JACK LEAR - THE HUMBER'S KING FOR THE 21ST CENTURYMon 28th January 2019
Why was I surprised when the actors started speaking in blank verse? This play is a reworking of Shakespeare's King Lear by Ben Benison, directed and performed by the renown Barrie Rutter and an illustrious cast, in a Hull accent, with music by the acclaimed Yorkshire musician Eliza Carthy. I, like so many of us locals, have fond memories of Barrie's Northern Broadsides (which was founded by Hull-born Barrie in 1992 and which he resigned from last year) and other productions. In fact, I still have visions of his Malvolio, yellow breeches and all (Twelfth Night), remember fondly his admirable Richard III and, indeed, recall the dramatic staging of King Lear.
Jack Lear (Rutter) owns a fleet of trawlers and other craft along with some property. He has three daughters. We do not know whether the girls' mother has died or left him, but we know he is single and was a jack-the-lad back in the day as it seems that even his illegitimate offspring are girls, too! However, hos daughters aren't treated any differently to how boys would have been treated and they are brought up to work on the boats as deck-hands - and given names which, although girl's names, are shortened to be men's. So Morgana (Nicola Sanderson) becomes Morgan, Freda (Sarah Naughton) becomes Fred and Victoria (Olivia Onyehara) is Vic.
Now he is getting old, Jack decides to divide his empire between his daughters. All he wants is to be looked after in his old age, but when Vic says she can't promise him anything, he disowns her and divides his estate between Morgana and Freda. They employ local lawyer and gigolo, Edmund (Andy Cryer) to prepare the paperwork. He, of course, knows the extent of the riches the girls will inherit.
The set, designed by Kate Unwin, includes a ship's sail which is used to project images of waves to connect the audience with the sea, accompanied by Eliza Carthy's live percussion (performed by the actors who are not on stage) which further engages the audience and reminds us of times when fishing was not all calm seas and blue skies.

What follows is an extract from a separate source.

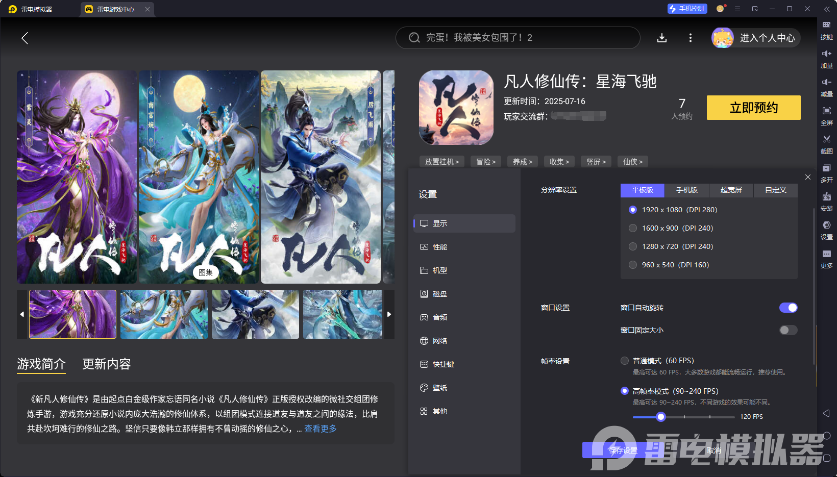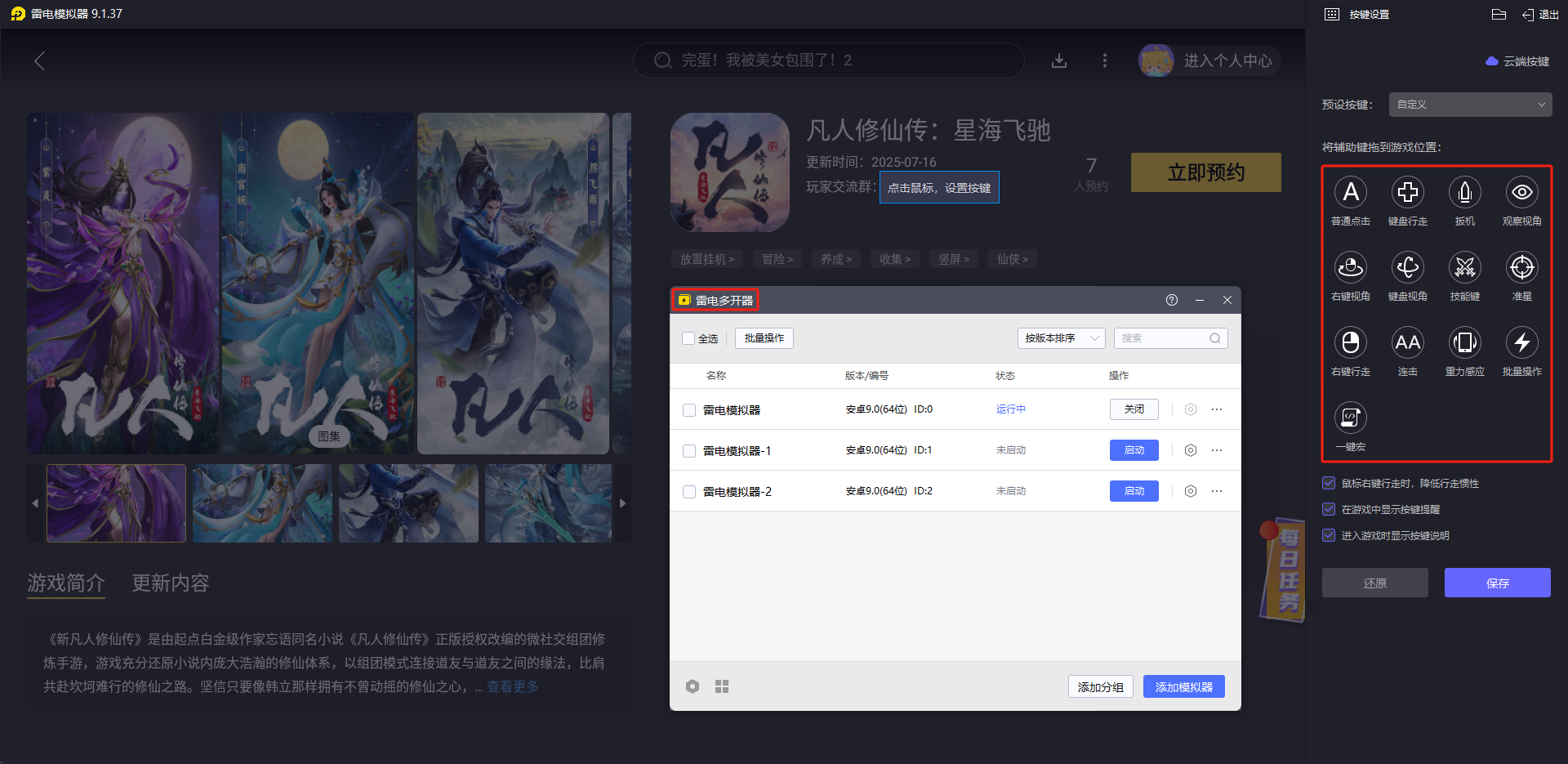 一、凡人修仙传星海飞驰电脑版(雷电模拟器)体验亮点

This production is funny at times, includes some (pretend) audience participation, contrasts between real and mythical and includes a well-known Mike Waterson folk song, Three Day Millionaire, which had a few people singing along. Because the late Mike was a Hull lad, too, and he understood the challenges of working in the fishing industry. Trawler owners were treated like Kings when their boats came home full of fish, especially as fishing was such a dangerous occupation, but they were only one step away from tragedy. Jack Lear manages to avoid the dangers of the sea, but his life is still tragic.